==== Provided material ====

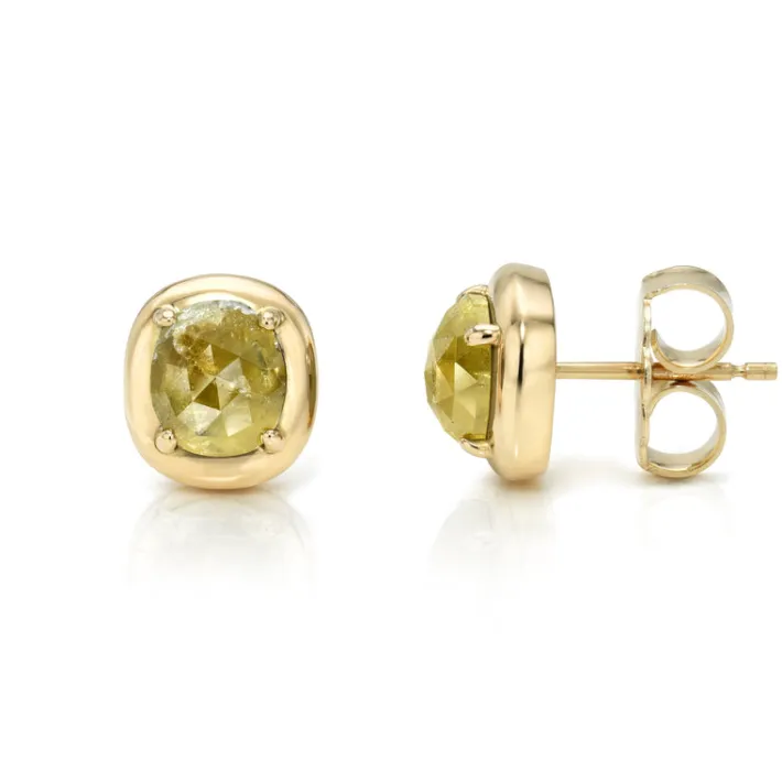 2.52ctw natural rustic cushion-shaped rose cut diamonds prong set in handcrafted 18K yellow gold stud earrings.
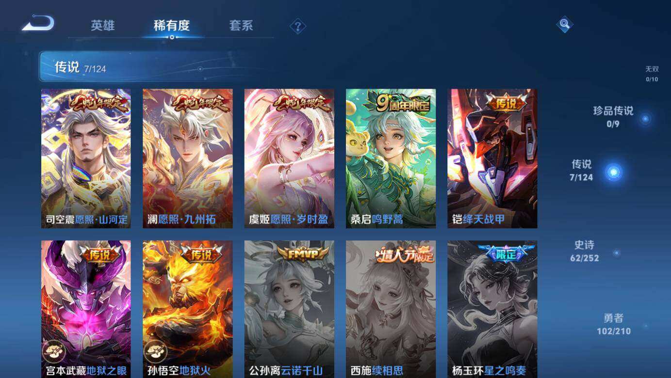 【传说皮肤】:司空震愿照山河定,澜愿照九州拓,虞姬愿照岁时盈,桑启鸣野蒿,铠绛天战甲,宫本武藏地狱之眼,孙悟空地狱火
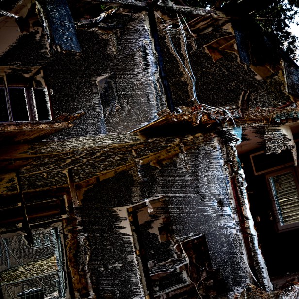Besonders so alte Häuser sind sehr beseelt finde ich. Kein Wunder, wenn man bedenkt, mit wieviel Leben sie gefüllt wurden. Traurig, wenn so ein Haus abgerissen wird. Ich finde deine Verfremdung sehr gelungen und sie gibt es gut wieder. Wie zerrissen sieht das Haus aus.
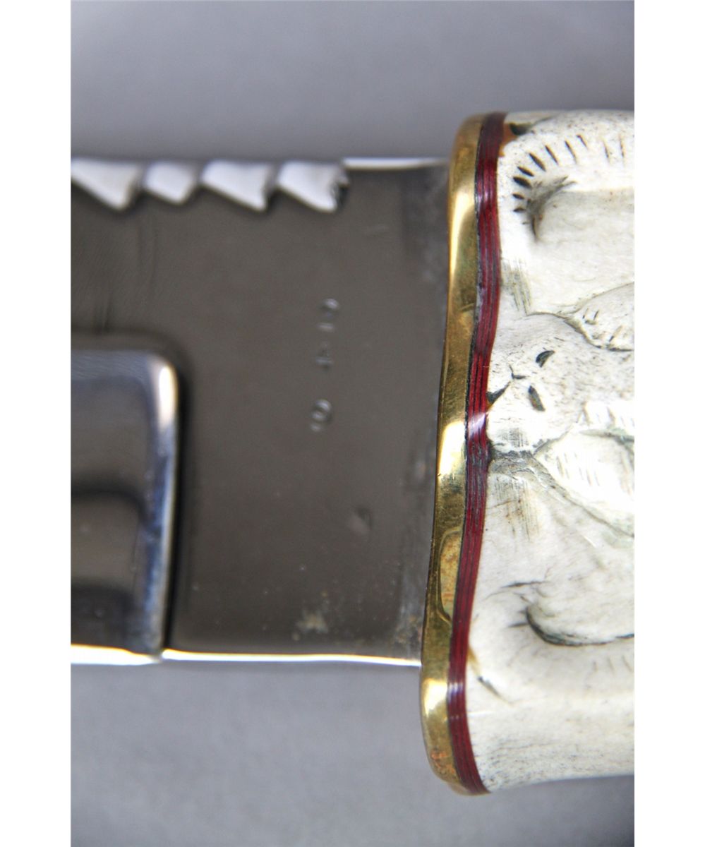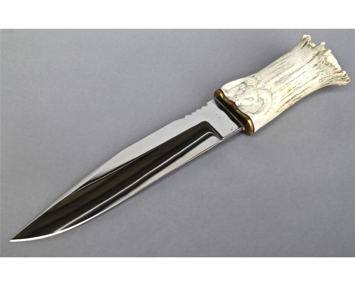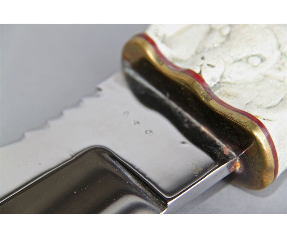 Hand made Knife w/ Hand Carved Antler, Rams Head Handle [Height/Length (in)= 15.25, Width (in)=3, Depth (in)=2.75, Weight (lbs)=2] With C.O.A. signed by Chief Joe Dan Osceola & Seminole Tribe. Go to: www.pangaea-auctions.com for more information about this collection.

====

- _About this task_
Transcribe exactly the lines above, running from the one that contains "Besonders so alte" through the final line of the listing, and skip every picture.

- _Response area_
Besonders so alte Häuser sind sehr beseelt finde ich. Kein Wunder, wenn man bedenkt, mit wieviel Leben sie gefüllt wurden. Traurig, wenn so ein Haus abgerissen wird. Ich finde deine Verfremdung sehr gelungen und sie gibt es gut wieder. Wie zerrissen sieht das Haus aus.
 Hand made Knife w/ Hand Carved Antler, Rams Head Handle [Height/Length (in)= 15.25, Width (in)=3, Depth (in)=2.75, Weight (lbs)=2] With C.O.A. signed by Chief Joe Dan Osceola & Seminole Tribe. Go to: www.pangaea-auctions.com for more information about this collection.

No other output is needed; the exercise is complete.